Raleigh, N.C. – Teachers and school staff can register in Group 3A of the North Carolina Vaccine Rollout to get vaccinated in Wake County on Monday.
Each county will distribute different vaccines to school and child care workers and vaccinations are expected to begin Wednesday. From Monday, those wishing to register for the vaccine in Wake County can visit Veggov / Vaccine to fill out the Request Online vaccine form or call the 24/7 Vaccine Hotline at 919-250-1515.
To register, people must answer “yes” to one of the following questions:
- Are you 65 or older?
- Are you a healthcare worker?
- Do you work in a child care or pre-K to grade 12 school?
- Do you have to be face to face at your workplace?
Once enough vaccines are available, people on the waitlist will be contacted by email, phone or text.

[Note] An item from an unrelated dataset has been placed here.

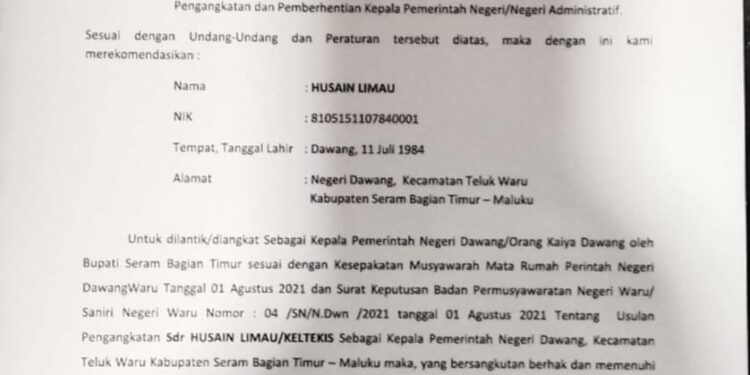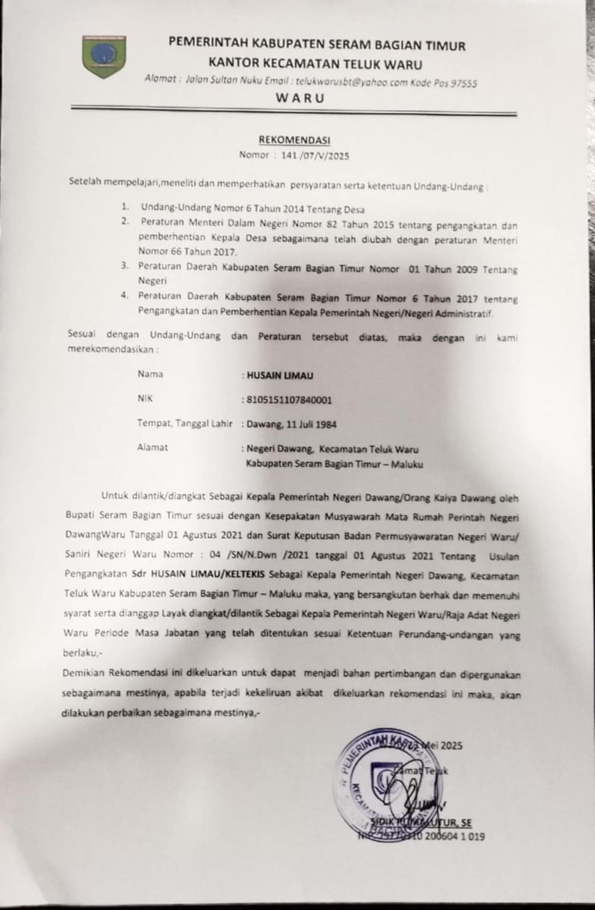 Dalam rekomendasi yang ditekan Camat Teluk Waru itu, direkomendasikan Husain Limau untuk dilantik dan disahkan oleh Bupati Seram Bagian Timur sebagai Kepala Pemerintah Negeri Dawang.

They can then make an appointment to get their vaccine either online or over the phone. A second dose appointment will be scheduled at the time of the first appointment.
North Carolina has been vaccinating residents and employees over the age of 65 and older and long-term care for months.
In early February, Gov. Roy K. Cooper said all K-12 school staff and anyone working in child care will be eligible for vaccination from February 24. All other frontline “essential” workers, such as police officers, firefighters and grocery workers, will have to wait until March 10 for vaccinations to begin.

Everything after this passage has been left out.